Upon taking any version of the HUGIN software into use, you automatically agree to the terms of the HUGIN Software License Agreement (below).
HUGIN Software License Agreement¶
HUGIN Expert A/S, hereinafter called “HUGIN”, and the organization/institution specified in the order form, hereinafter called “LICENSEE”, agree that the following terms and conditions will apply to the use of the computer software product specified in the order form, hereinafter called “HUGIN SOFTWARE”, a copy of which is being supplied by HUGIN to LICENSEE.
1. Grant. HUGIN provides HUGIN SOFTWARE to LICENSEE and grants to LICENSEE a non-exclusive and non-transferable right to use this software. No license, right or interest in any trademark, trade name or service mark of HUGIN SOFTWARE or any third party from whom HUGIN SOFTWARE has acquired such license rights are granted under this License. HUGIN SOFTWARE should be used by the LICENSEE only on a computer system owned, leased or operated by the LICENSEE. The maximum number of simultaneous users for HUGIN SOFTWARE shall be as specified in the order form.

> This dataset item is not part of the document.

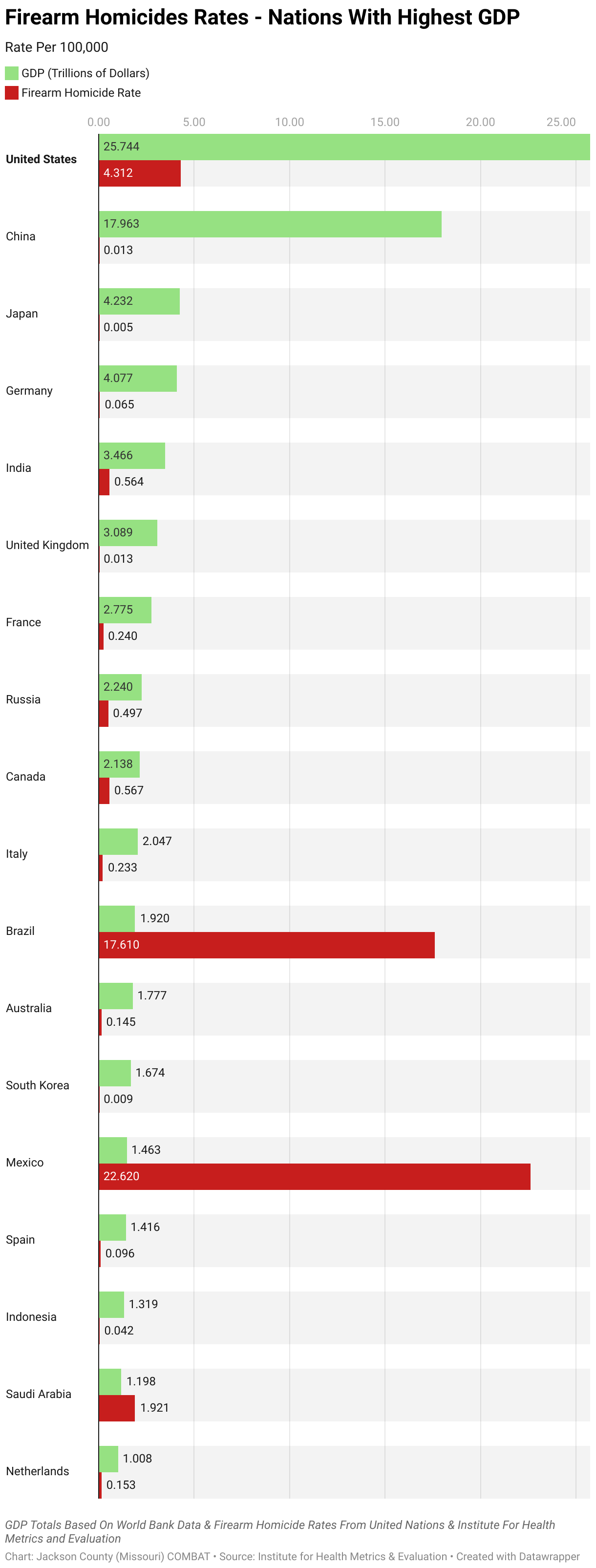 Firearm Homicides Rates - Nations With Highest GDP
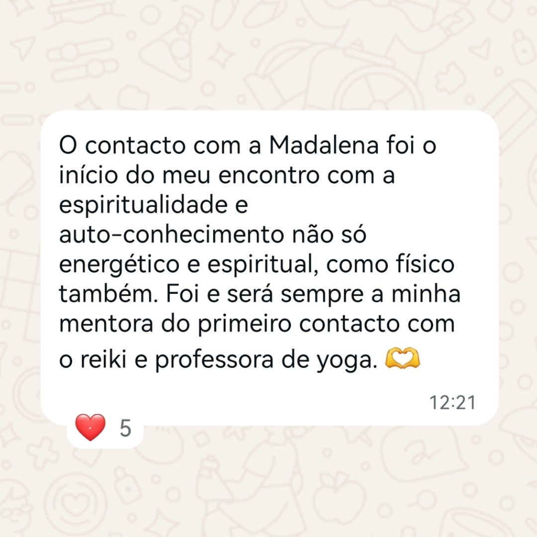 Sou a Madalena Aparício, especialista em Parapsicologia Clínica Científica, terapia energética, orientação espiritual e professora de yoga, meditação, relaxamento e spiritual dance. Tenho ajudado centenas de pessoas altamente sensíveis a encontrar o equilíbrio e a compreender melhor as suas perceções.

2. Term. This Agreement shall become effective upon its acceptance by the authorized representatives of HUGIN and LICENSEE. The Agreement shall remain in effect in perpetuity, except that HUGIN may discontinue the license or terminate the Agreement if LICENSEE fails to comply with any terms or conditions thereof.
3. Charges. Within thirty (30) days of the effective date of this Agreement, LICENSEE shall pay HUGIN the charge specified in HUGIN’s current Price Schedule. LICENSEE shall also pay sales taxes if applicable.
4. Restricted Use. LICENSEE agrees to maintain HUGIN SOFTWARE source code and object code in confidence and will not make HUGIN SOFTWARE or any derivative thereof available for any use whatsoever in any form to any other individual or firm. LICENSEE agrees to take appropriate action by instruction, agreement or otherwise with all persons permitted access to HUGIN SOFTWARE or any derivative thereof to satisfy LICENSEE’s protection and security obligations under this Agreement. LICENSEE may take additional copies, in whole or in part, of HUGIN SOFTWARE as necessary and incidental to its use in compliance with this Agreement, such as for archival and back-up purposes, provided that each such copy, in whole or in part, shall remain subject to all terms of this Agreement. LICENSEE shall not disassemble or decompile the HUGIN SOFTWARE.
5. Non-Assignment. Under no circumstances shall this Agreement or any of the rights granted to LICENSEE hereunder be sold, assigned or sub-licensed, voluntarily or by operation by law, to any other person or entity, and any such purported sale, assignment or sub-license shall be void. The API that ships together with the HUGIN SOFTWARE has a tight link to the installation of these packages. It’s not possible to use the API’s on another computer unless the whole package is installed. To be able to distribute applications using the HUGIN API a HUGIN OEM License is imperative. Please contact HUGIN Expert A/S for further information on the HUGIN OEM license.
6. Warranty. HUGIN SOFTWARE is provided without warranty of any kind, either expressed or implied, including without limitation implied warranties or merchantability and fitness for a particular purpose. HUGIN disclaims any responsibility for ease of installation, accuracy, completeness or correctness of HUGIN SOFTWARE. HUGIN does not warrant that HUGIN SOFTWARE will meet LICENSEE’s requirements or that operations involving HUGIN SOFTWARE will be uninterrupted or error free.
7. Applicable Law. This Agreement shall be governed by, subject to and interpreted in accordance with Danish law, and LICENSEE and HUGIN shall submit to the jurisdiction of the Danish court.